2. The client moves away from AP1 and is now at -75dBm. The client is now also within range of AP2 with a much better signal. Let's say -45dBm.

3. The client proactively roams to AP2. I don’t expect seamless roaming, but the idea is that the client doesn’t hang on to AP1 until -95dBm.

The signal levels in the above example are just hypothetical. The important part is that when a client hears a signal that's significantly better than the current connection, the client will proactively roam. The difference between the currently connected AP signal and the candidate signal(s) should be spread enough to avoid flapping. It would be even better if this difference (aggressiveness) was tunable.

Option #2

There is a roaming feature on Cisco controllers with lightweight Cisco APs. Here is a summary from WLC Configuration Guide 7.4.

The Cisco UWN solution supports seamless client roaming across lightweight access points managed by the same controller, between controllers in the same mobility group on the same subnet, and across controllers in the same mobility group on different subnets….. You can adjust the default RF settings (RSSI, hysteresis, scan threshold, and transition time) to fine-tune the operation of client roaming using the controller GUI or CLI.”

I understand that to use this feature the clients must support the CCX extensions. Below is one CCXv4 feature that looks promising.

Directed roam request—This feature enables the controller to send directed roam requests to the client in situations when the controller can better service the client on an access point different from the one to which it is associated. In this case, the controller sends the client a list of the best access points that it can join. The client can either honor or ignore the directed roam request. Non-CCX clients and clients running CCXv3 or below must not take any action. No configuration is required for this feature.”

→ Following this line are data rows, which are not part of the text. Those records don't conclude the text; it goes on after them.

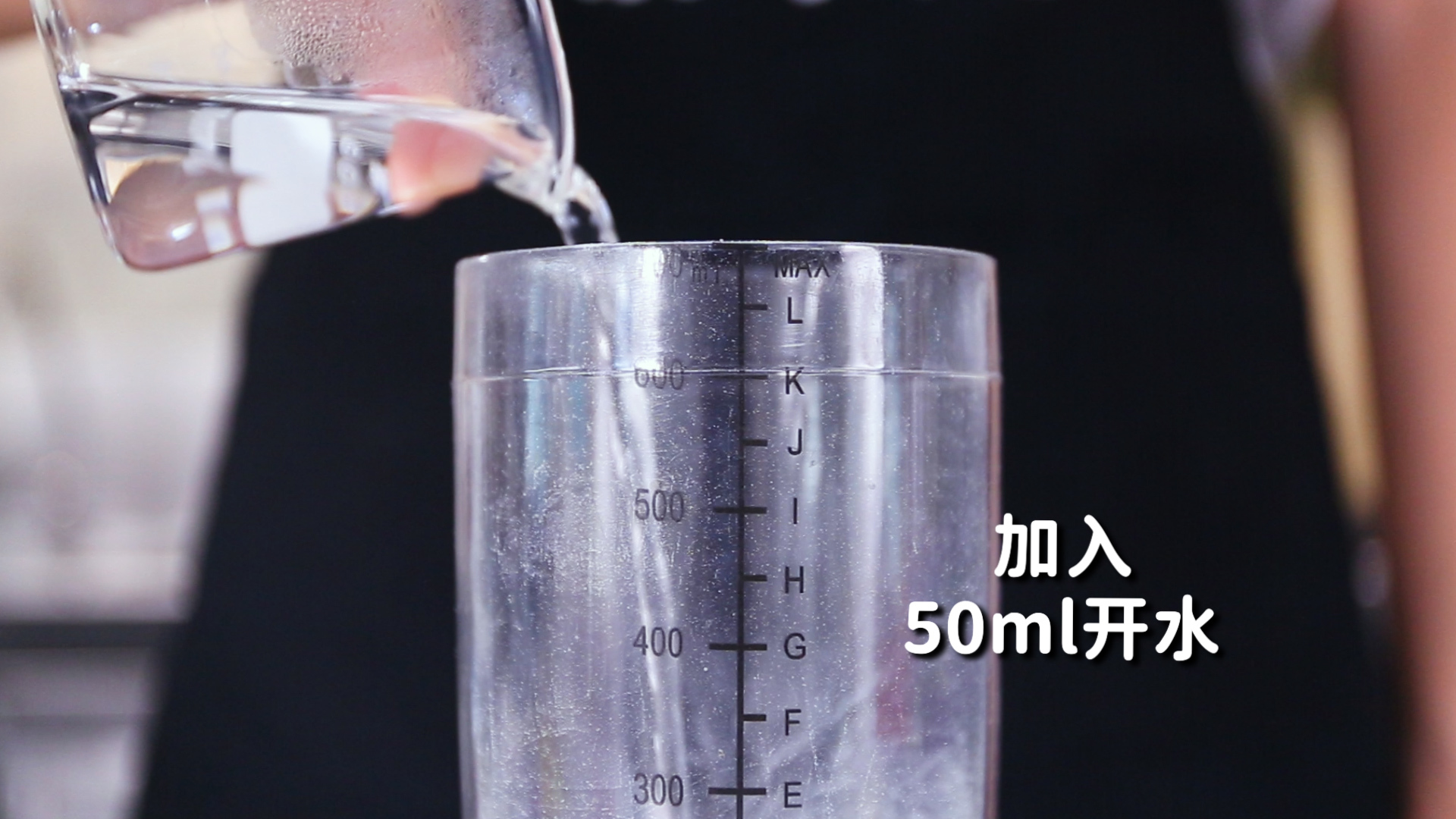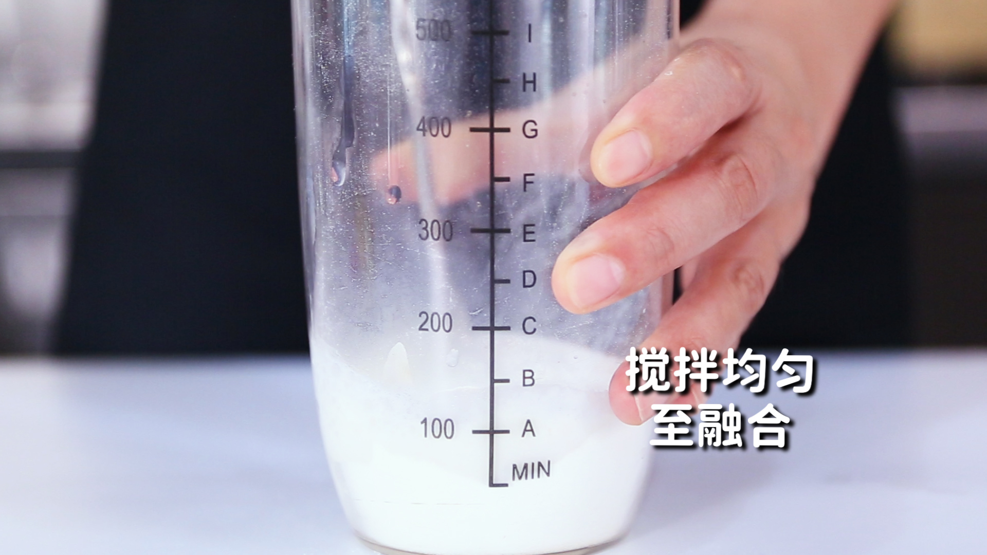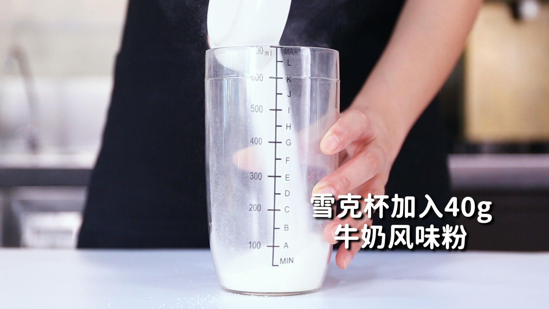 第1步:先在雪克杯中加入40g特调牛奶风味粉、50ml开水,用吧更勺搅拌均匀至充分融合,再加入适量冰块,继续搅拌均匀后备用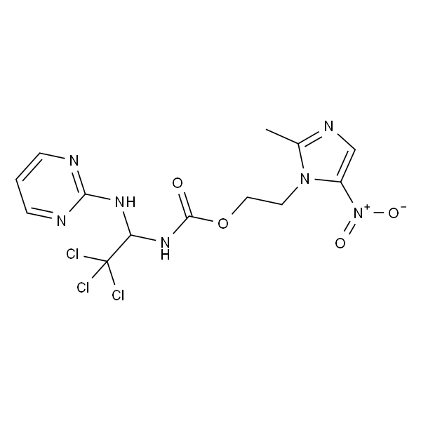 InChI=1S/C13H14Cl3N7O4/c1-8-19-7-9(23(25)26)22(8)5-6-27-12(24)21-10(13(14,15)16)20-11-17-3-2-4-18-11/h2-4,7,10H,5-6H2,1H3,(H,21,24)(H,17,18,20)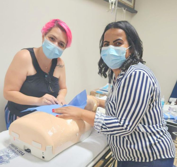 Os participantes também tiveram monitoria prática, ministradas pelas enfermeiras Elisângela Pagliuzo, Luana Aparecida Procópio, Taísa Santos de Melo Andrade e Patrícia Russo, que atuam no CTO, que ensinaram práticas da aplicação e punção de portocath.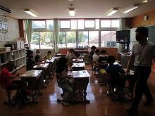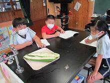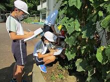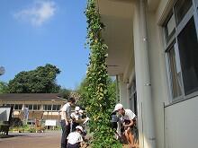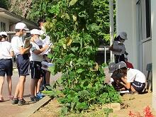 小学4年生は1学期の理科の時間にヘチマを植えました。夏休みも成長し、職員室のグリーンカーテンになっています。今日の授業では成長したヘチマと、ヘチマの実を観察しました。興味深そうに観察したり、先生の問いかけに素朴な疑問や自分なりの考えを発表している子どもたちに感心しました。
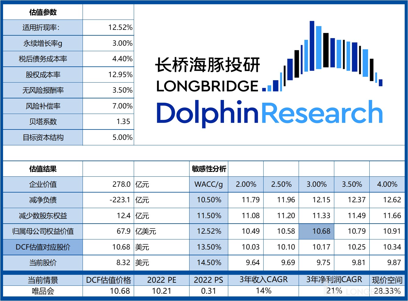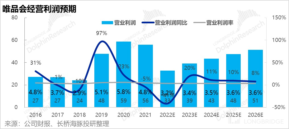 经营利润率上,海豚君的远期估算还是比唯品会自己的估计保守不少:唯品会主要目标是希望走出疫情后,通过毛利率管理把经营利润率维持在 5% 以上。
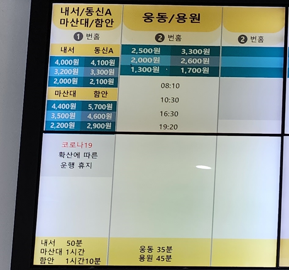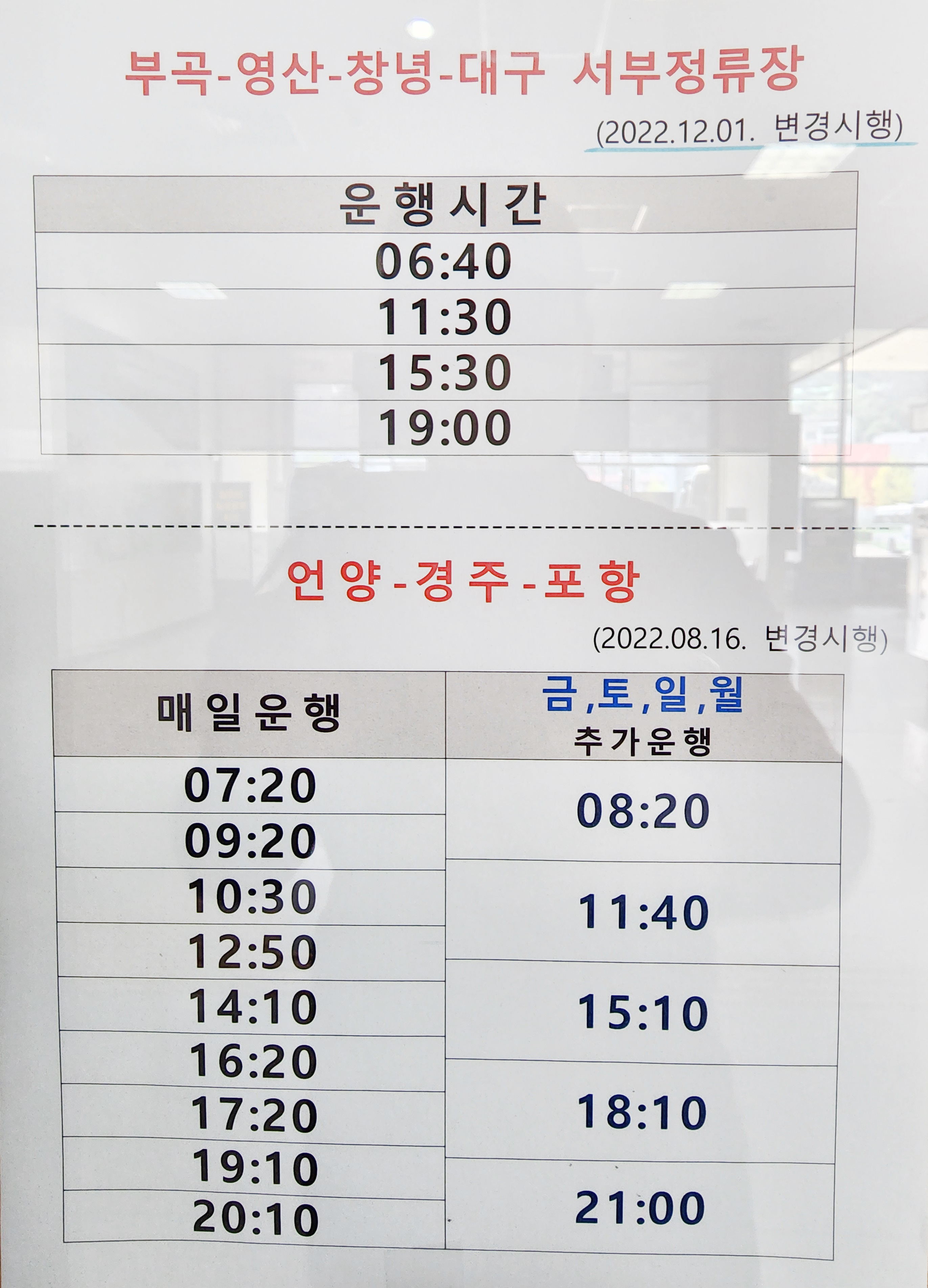 김해 출발 부곡, 영산, 창녕, 대구, 서부정류장, 언양, 경주, 포항 방면.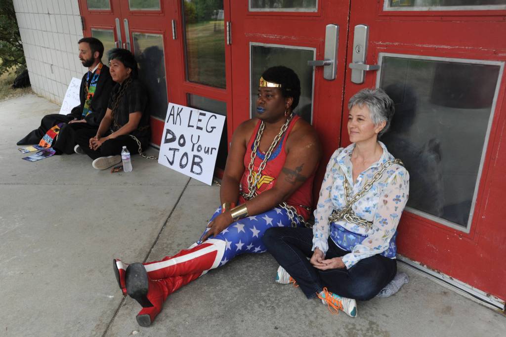 “We decided to take over the chairs of the legislators,” Beagnyam said, referring to the desks. Protesters urged the legislators in Wasilla to “return to Juneau, to do their jobs,” and that “it’s not okay to have a PFD at the cost of people dying,” Beagnyam said, noting the cuts to social services that would occur if Gov. Mike Dunleavy’s vetoes are allowed to stand.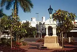 The Dr EA Koch Memorial is located in Anzac Memorial Park, in the west corner of the park close to the intersection of Abbott and Spence Streets. It is set against the backdrop formed by The Reef Hotel Casino complex.[1]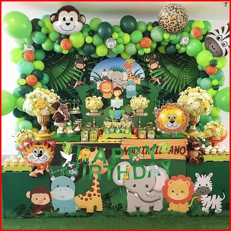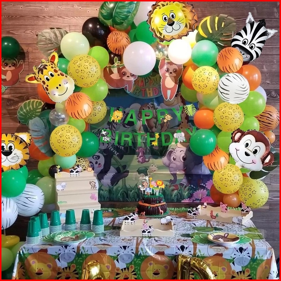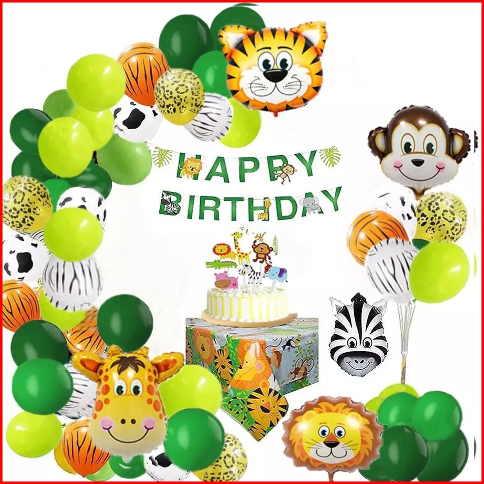 Set Balon Lateks Desain Hewan Hutan Safari Hawaii Untuk Dekorasi Pesta Ulang Tahun Anak Laki-laki

Has anyone tried/tested any of these roaming features with 802.11n CCX client(s)?  Again, my goal is to have the client roam to a significantly better AP once the current AP’s signal is around -75dBm or so.

Thanks in advance!

Hall of Fame Super Silver

Re: 802.11n Roaming Card Recommendation

On thing that I use to help with roaming is tweaking the data rates. Some cards are considered "sticky" and will hang on until it drops the connection. Try to disable the lower rates if possible. If you know you don't need 802.11b support, then disable the lower data rates below 12 Mbps for example. If you know what the lowest data rate you can use roaming from each AP, you can set your lowest mandatory to 24 Mbps for example and support the other data rates you want.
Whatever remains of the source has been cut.